November 11th 2020 marks hair icon Stephen Moody’s 40th anniversary in the hairdressing industry.
Starting as an apprentice in London at Vidal Sassoon in 1980, Moody ended up traveling the world together with Vidal, moving to California in 1987 to manage the Sassoon Academy in Santa Monica and finally joining Wella in 2012 where he currently holds the position of North American Education Director.
How do you feel about celebrating 40 years as a hairdresser?
“I am thrilled, it doesn’t feel like 40 years at all! It just feels like yesterday that I started. Personally, I feel very healthy and in good shape. I think a big part of that is the fact that I work with young people. I work with hairdressers. Hairdressers are my customers. And that makes me think and feel young, so I can’t believe that 40 years have gone by. It’s been an incredible journey. I wouldn’t change anything.”
Tell us about your beginnings in the UK. Why did you choose hairdressing?

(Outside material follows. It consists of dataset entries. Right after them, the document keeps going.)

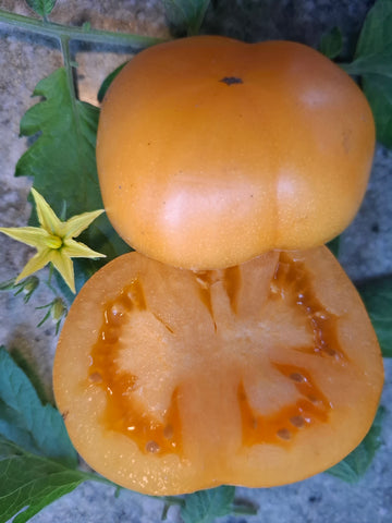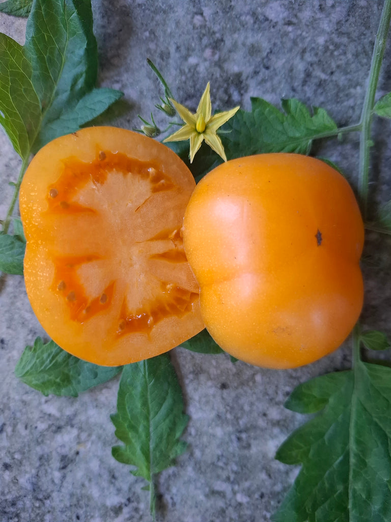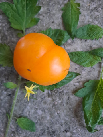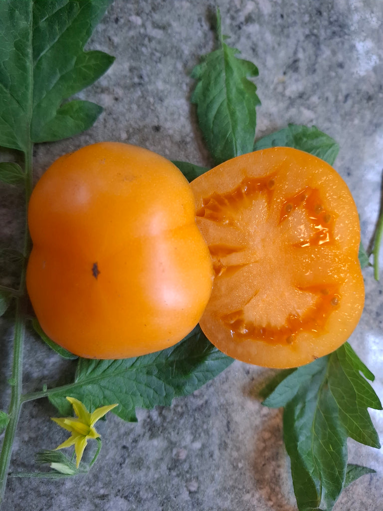 Wundervolle kleine orange Fleischtomate mit dünner Haut und fruchtig süßem Geschmack, zartes cremiges saftiges Fruchtfleisch
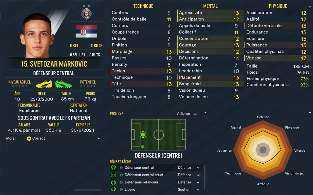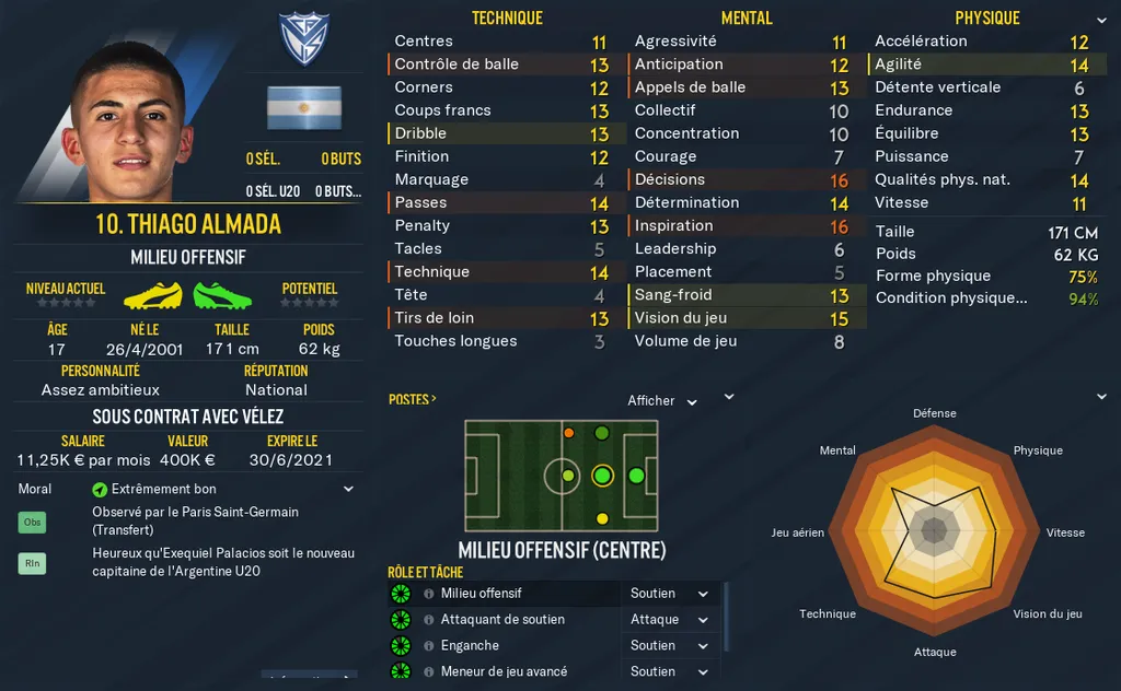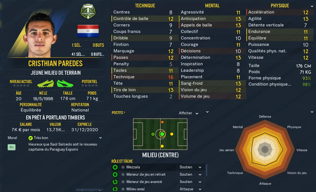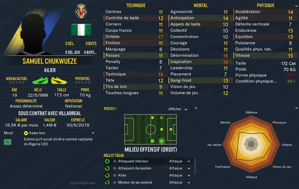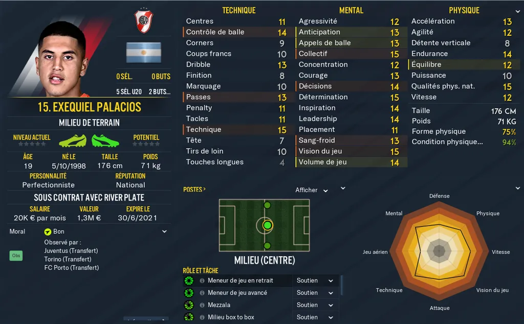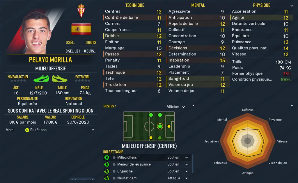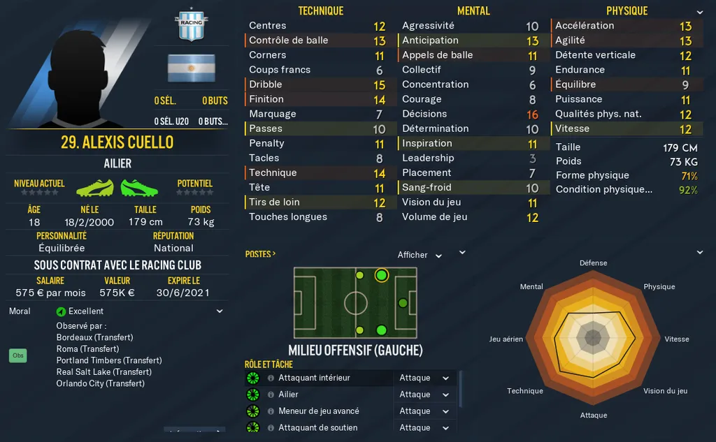 Current Ability : Niveau actuel de votre joueur. La note se situe entre 0 et 200 et correspond à un calcul global des stats et caractéristiques de votre joueur. Le niveau des pieds, les notes cachées, la personnalité, les notes physiques techniques et mentales, tout y passe !
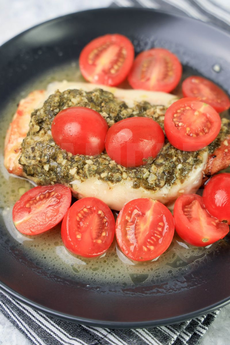 Olive Garden Copycat Grilled Chicken Margherita is made with chicken, mozzarella cheese, and green pesto. This is a semi exclusive recipe. The Olive Garden Copycat Grilled Chicken Margherita comes on a gray striped napkin on a gray plate with a marble backdrop. Set comes with 10 in process (in process are the same for all sets) and 14 final shots (finals are different for each set) along with recipe in text format. Both vertical and horizontal shots are available for social media. One set of four. Sample removed on finals.

“Well it began with my mother really. She was a failing hairdresser. She converted the front living room of our house into a 3-chair salon. She was doing roller sets, like Jackie Onassis, beehives, teasing hair, and wasn’t doing very good at all. One day she went into the bedroom above her hair salon and gave birth to me. I was born in the bedroom above the salon. Even the word salon is an exaggeration… it was a tiny place. She couldn’t afford child-care. I’m not from a wealthy family, so my child-care was the customers. I spent time with my grandmother, I spent time with neighbors. But most of my time growing up was on the customer’s lap. So that was really my introduction to hair. I grew up in the salon.“
When did you first hear about Vidal Sassoon?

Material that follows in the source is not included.